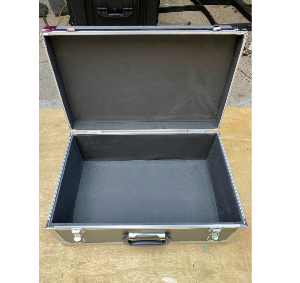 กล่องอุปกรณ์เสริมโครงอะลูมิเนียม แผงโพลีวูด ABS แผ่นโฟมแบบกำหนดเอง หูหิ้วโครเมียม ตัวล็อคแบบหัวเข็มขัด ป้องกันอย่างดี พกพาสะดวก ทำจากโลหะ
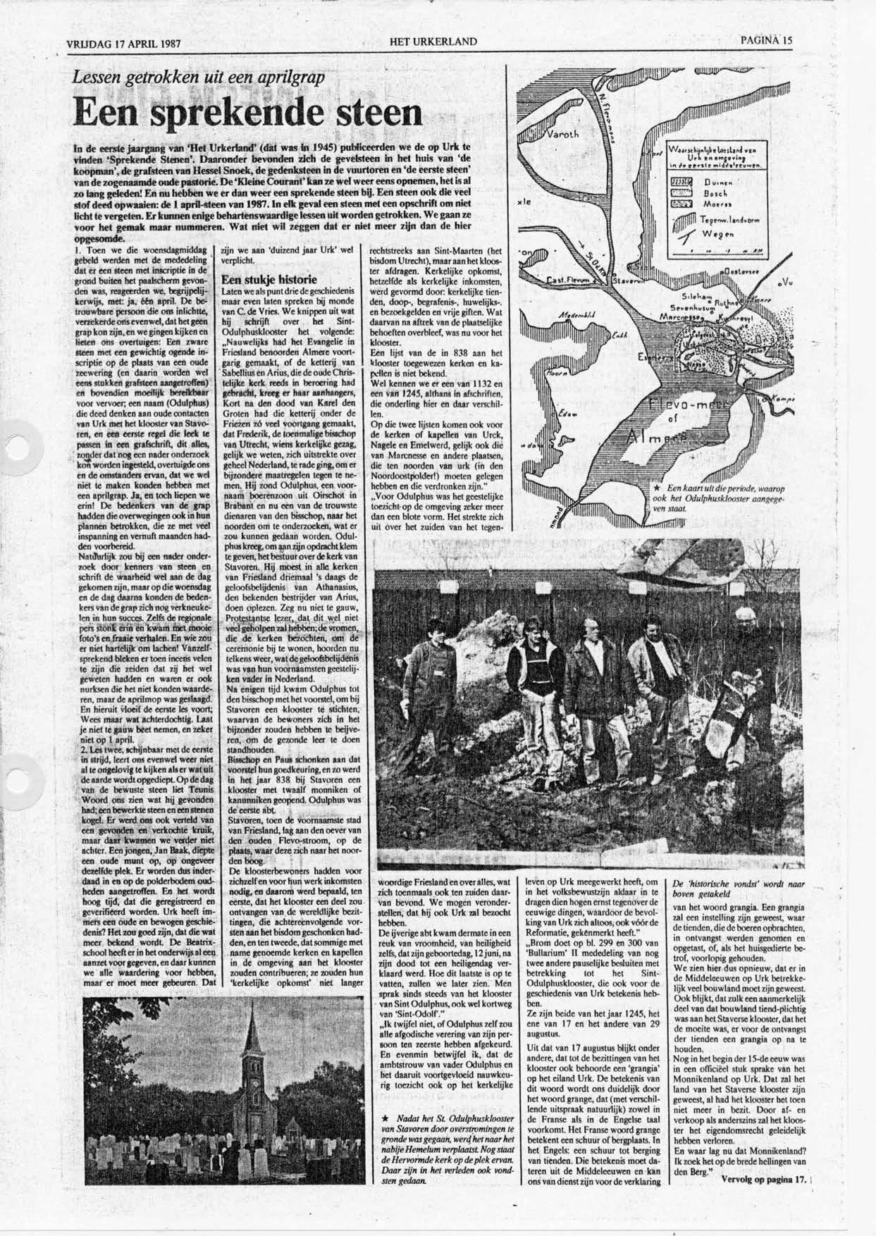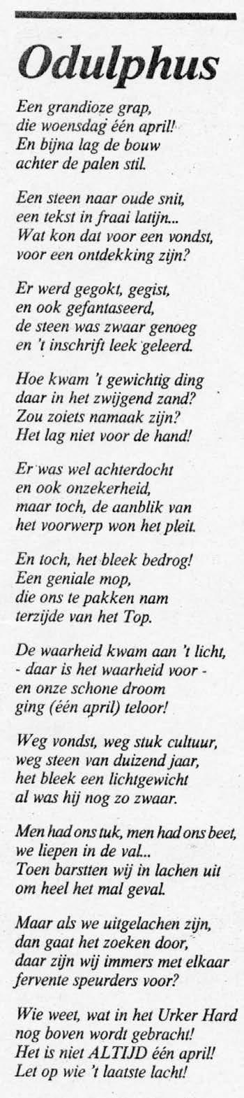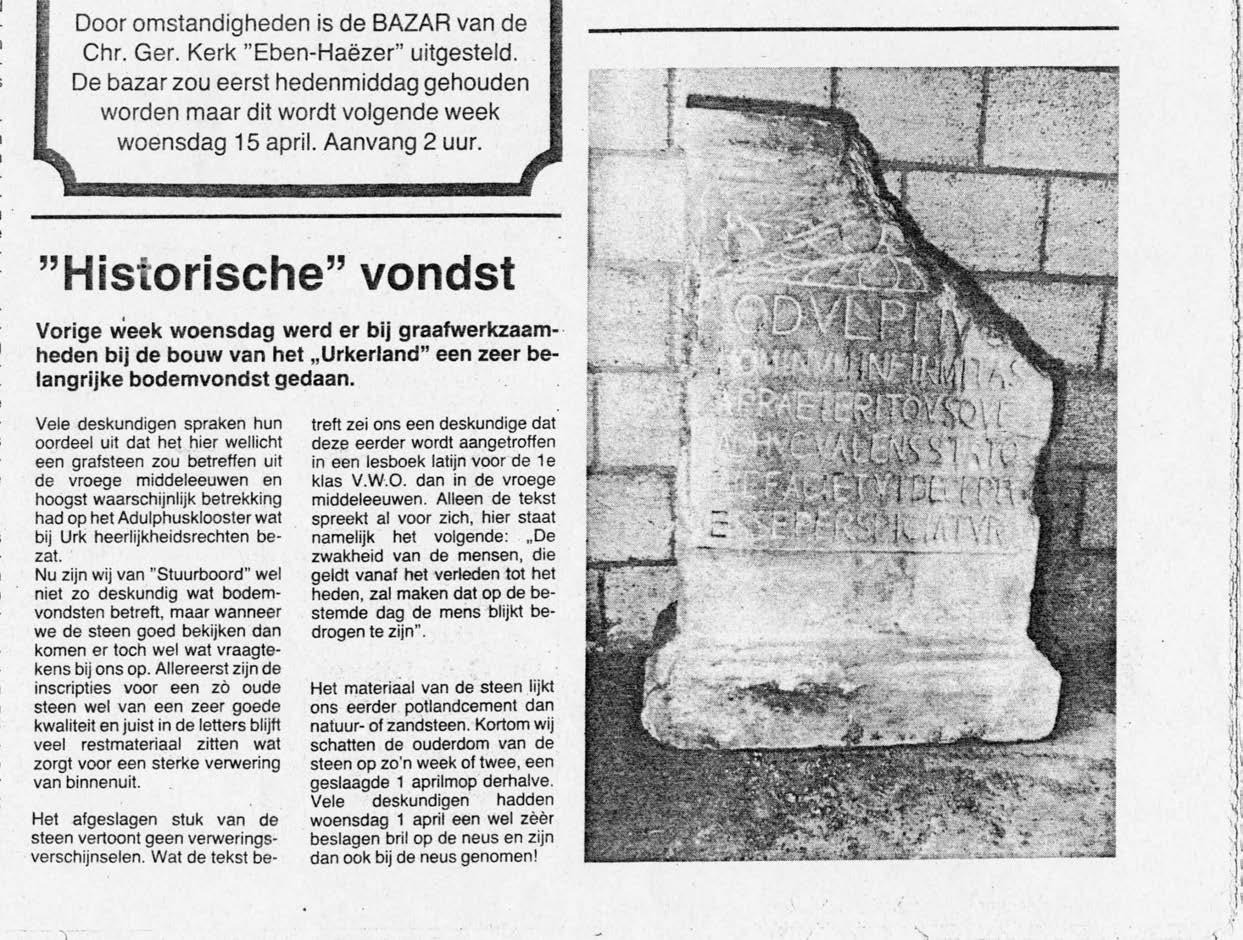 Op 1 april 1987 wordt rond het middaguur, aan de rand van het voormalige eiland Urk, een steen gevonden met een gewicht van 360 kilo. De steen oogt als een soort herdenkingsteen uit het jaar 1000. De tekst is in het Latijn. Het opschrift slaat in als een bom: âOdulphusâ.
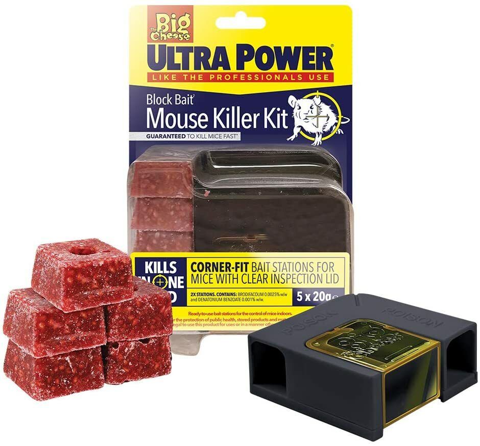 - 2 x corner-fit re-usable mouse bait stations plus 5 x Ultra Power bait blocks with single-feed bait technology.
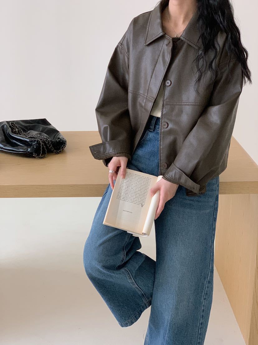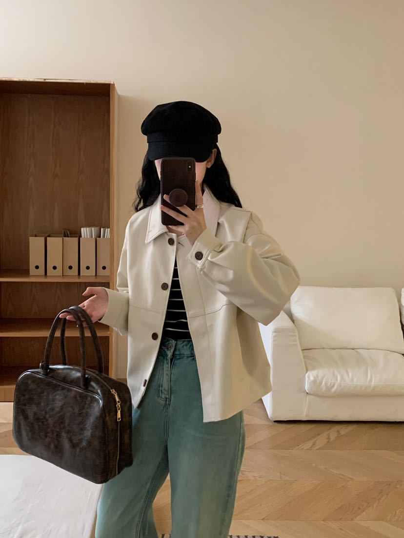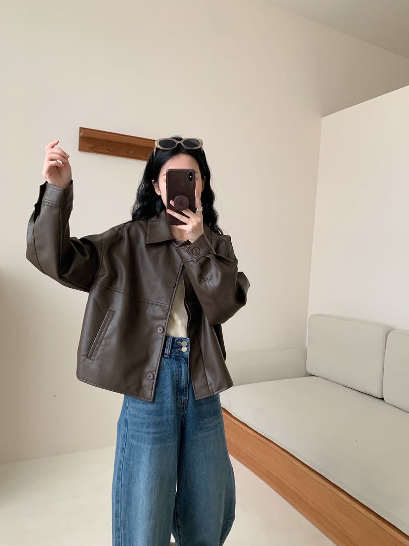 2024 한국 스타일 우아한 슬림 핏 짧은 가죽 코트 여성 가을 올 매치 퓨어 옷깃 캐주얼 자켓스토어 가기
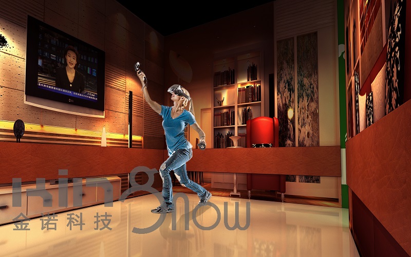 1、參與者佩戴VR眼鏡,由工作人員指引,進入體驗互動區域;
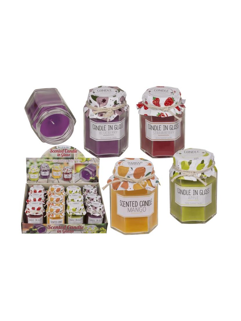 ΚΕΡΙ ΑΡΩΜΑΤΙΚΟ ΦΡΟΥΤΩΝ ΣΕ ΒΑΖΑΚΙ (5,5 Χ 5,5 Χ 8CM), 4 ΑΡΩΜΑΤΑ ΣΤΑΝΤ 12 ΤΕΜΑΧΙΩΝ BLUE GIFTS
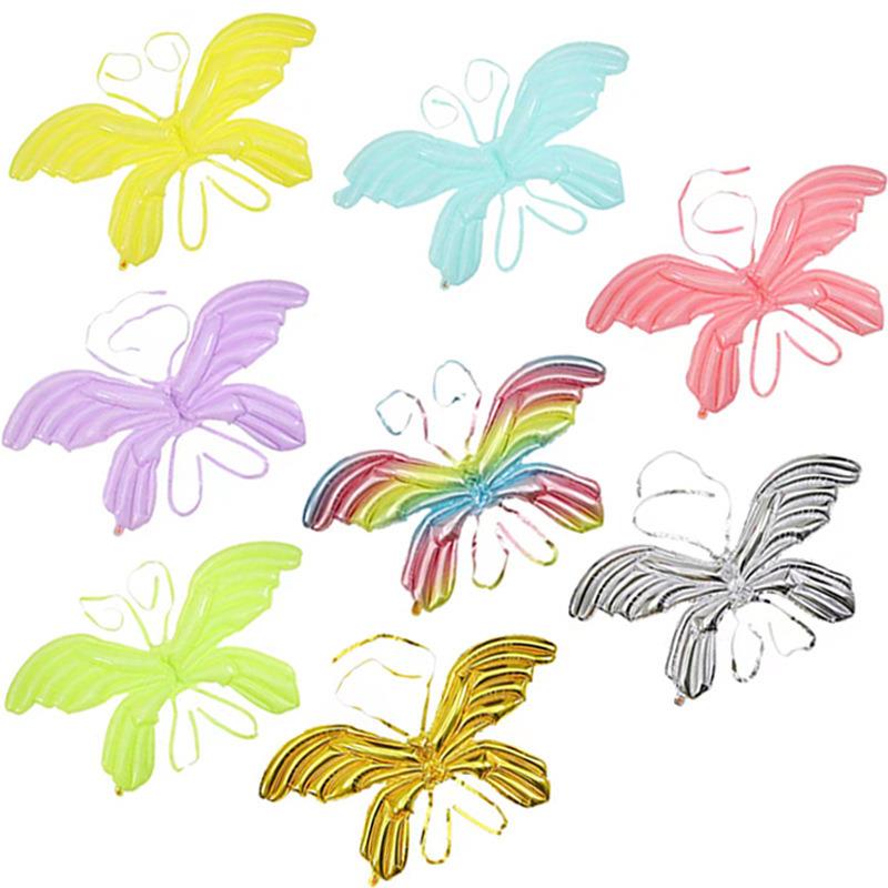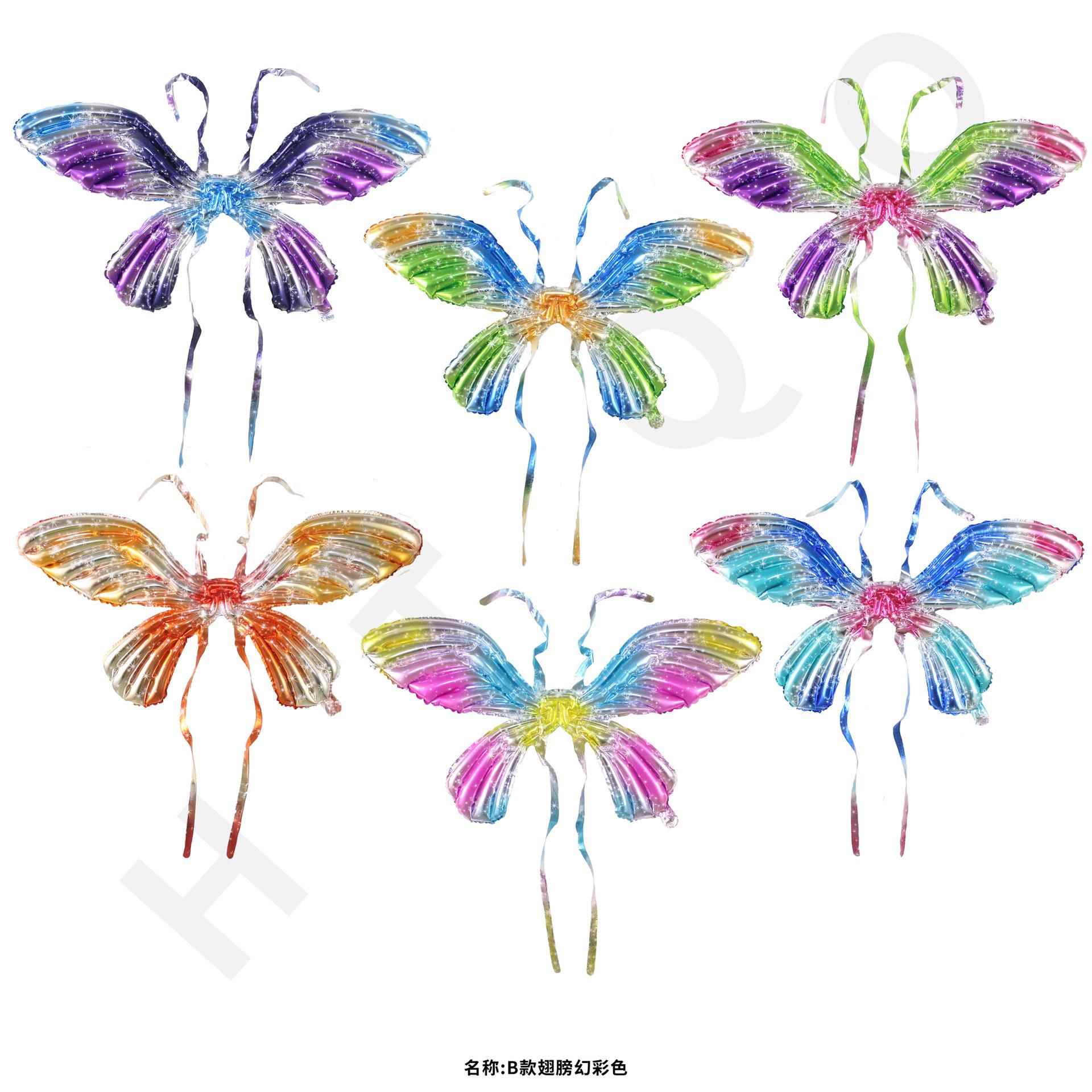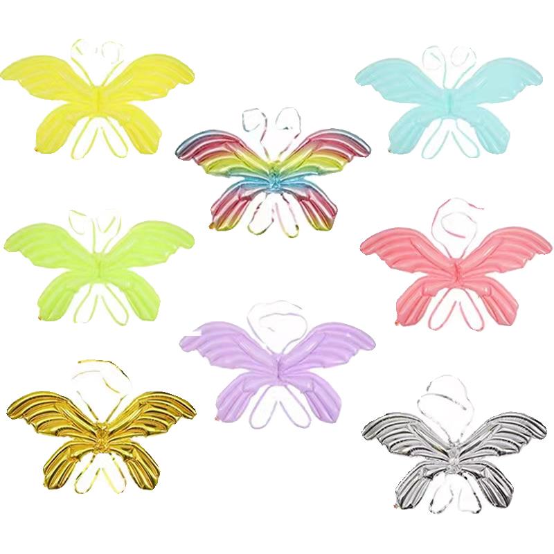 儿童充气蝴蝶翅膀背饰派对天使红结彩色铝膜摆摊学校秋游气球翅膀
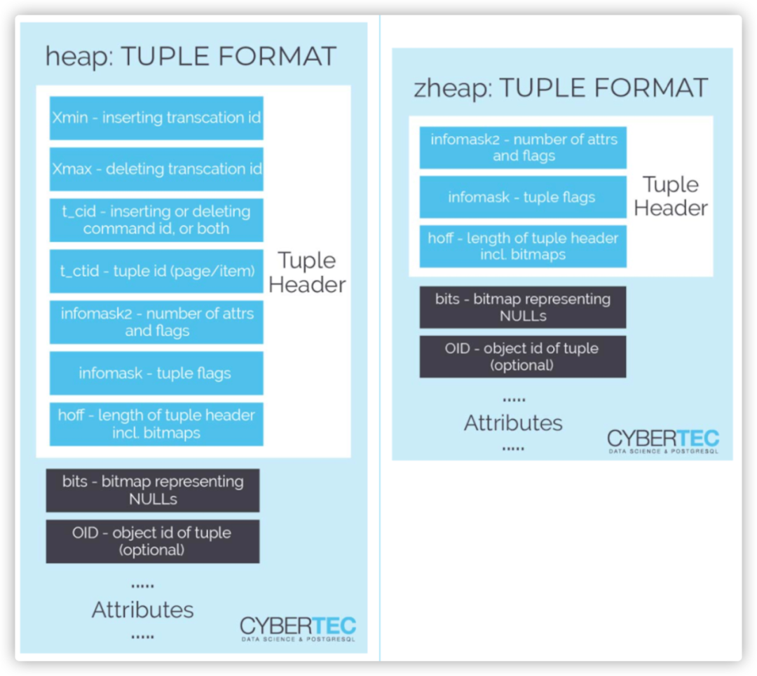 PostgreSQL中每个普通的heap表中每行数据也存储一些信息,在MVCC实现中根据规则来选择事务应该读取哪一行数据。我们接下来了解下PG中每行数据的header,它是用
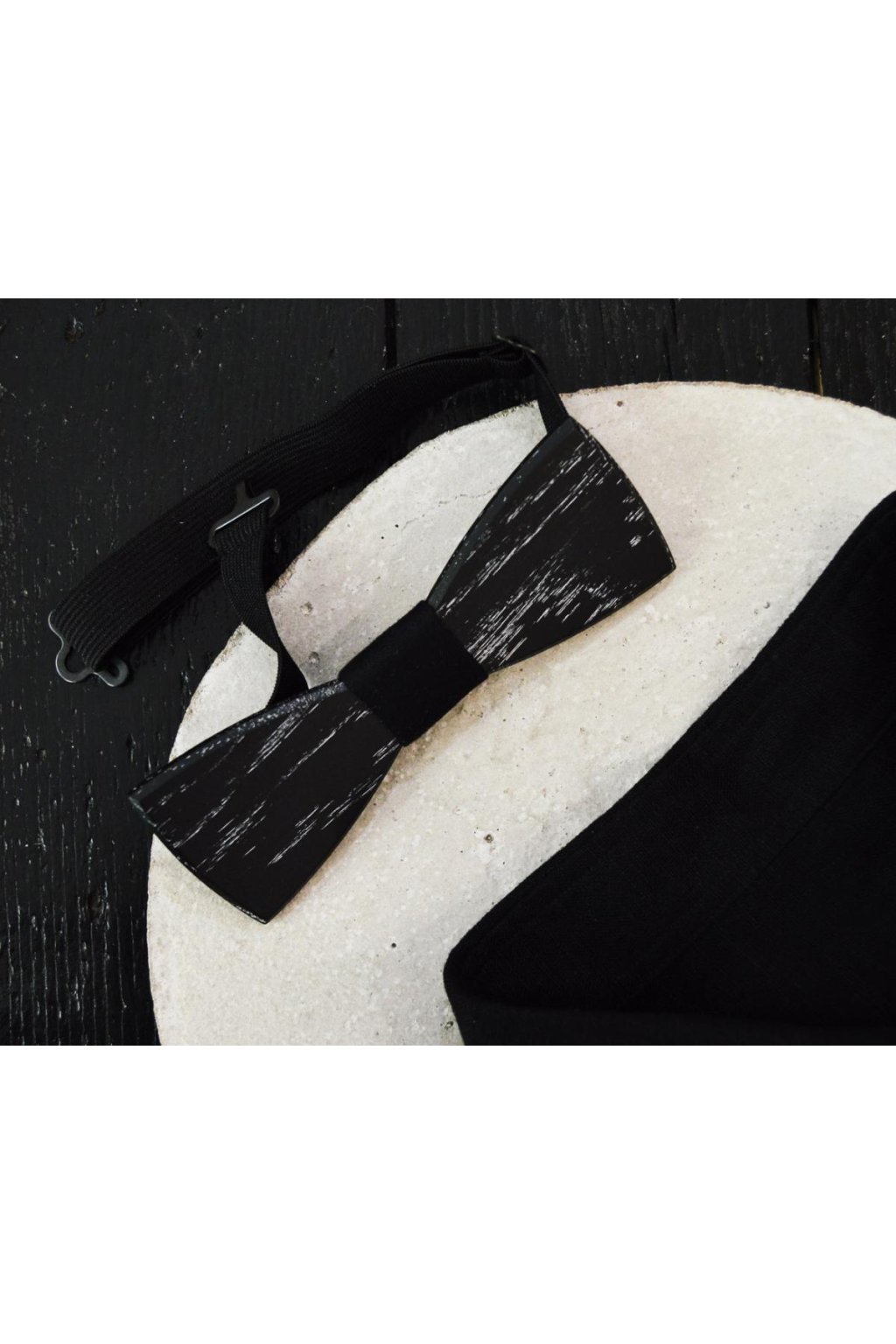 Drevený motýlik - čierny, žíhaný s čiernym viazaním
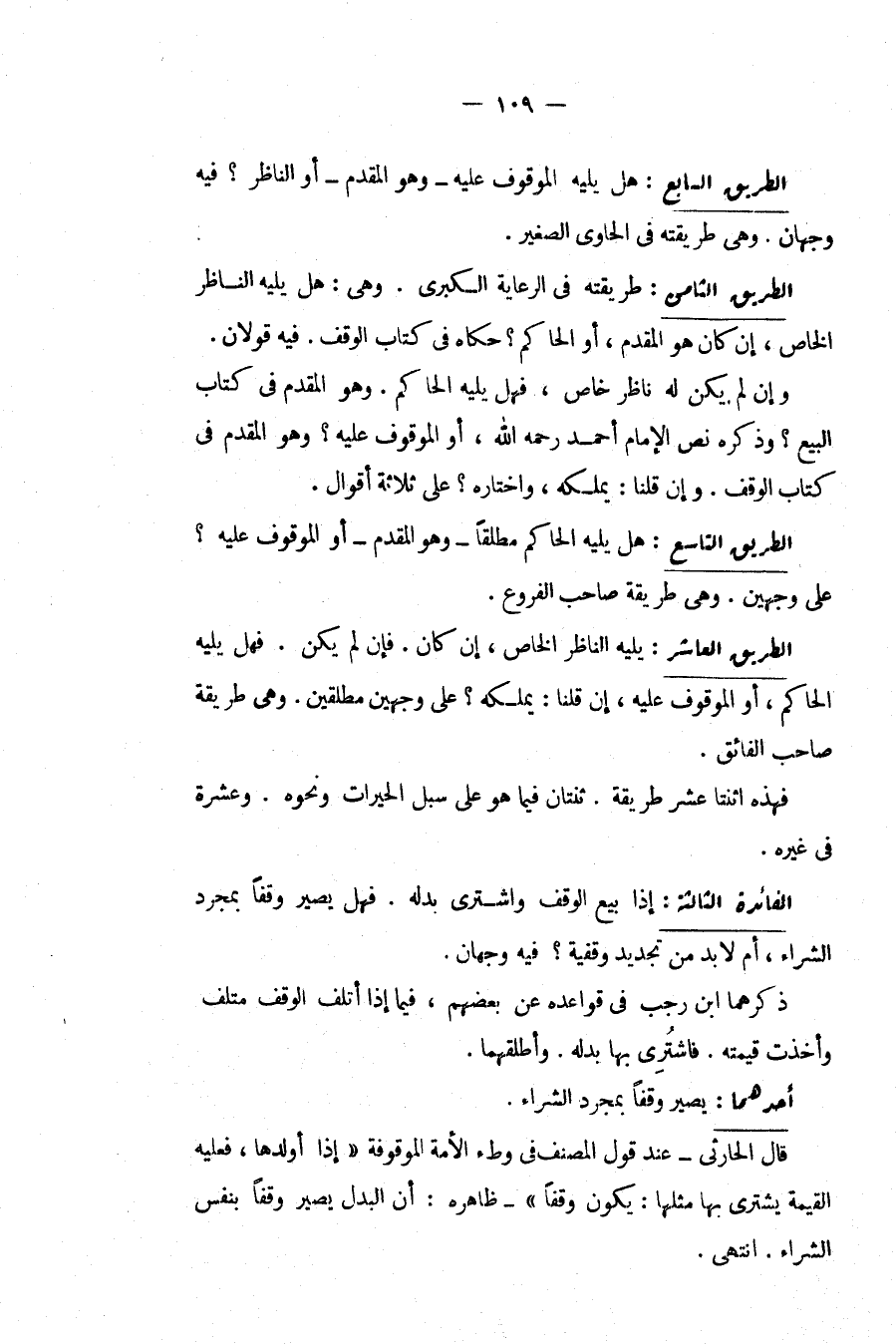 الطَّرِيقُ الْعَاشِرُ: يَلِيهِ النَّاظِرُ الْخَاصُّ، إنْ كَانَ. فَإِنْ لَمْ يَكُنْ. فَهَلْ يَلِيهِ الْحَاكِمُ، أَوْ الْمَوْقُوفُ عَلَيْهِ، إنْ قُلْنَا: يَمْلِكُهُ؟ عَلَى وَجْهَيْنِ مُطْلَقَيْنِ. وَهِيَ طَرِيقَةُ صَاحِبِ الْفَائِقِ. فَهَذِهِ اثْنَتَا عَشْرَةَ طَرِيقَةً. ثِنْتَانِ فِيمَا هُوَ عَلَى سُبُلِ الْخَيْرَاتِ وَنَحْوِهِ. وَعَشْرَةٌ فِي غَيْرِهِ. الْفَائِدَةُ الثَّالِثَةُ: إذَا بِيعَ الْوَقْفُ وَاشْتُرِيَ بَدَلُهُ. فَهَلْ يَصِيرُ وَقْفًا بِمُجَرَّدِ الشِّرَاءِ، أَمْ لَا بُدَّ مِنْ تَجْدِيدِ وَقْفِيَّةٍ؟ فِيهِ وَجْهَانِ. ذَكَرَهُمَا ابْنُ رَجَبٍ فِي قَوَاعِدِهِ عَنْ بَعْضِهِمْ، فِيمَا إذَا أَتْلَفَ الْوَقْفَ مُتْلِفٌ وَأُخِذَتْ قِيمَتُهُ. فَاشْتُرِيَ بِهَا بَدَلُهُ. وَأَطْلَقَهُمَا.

WHAT THE EXERCISE ASKS
What belongs in the answer is each line above from the line with "PostgreSQL中每个普" to the line with "Drevený motýlik - čierny, žíhaný", inclusive, reproduced exactly and free of pictures.

RESPONSE TO THE TASK
 PostgreSQL中每个普通的heap表中每行数据也存储一些信息,在MVCC实现中根据规则来选择事务应该读取哪一行数据。我们接下来了解下PG中每行数据的header,它是用
 Drevený motýlik - čierny, žíhaný s čiernym viazaním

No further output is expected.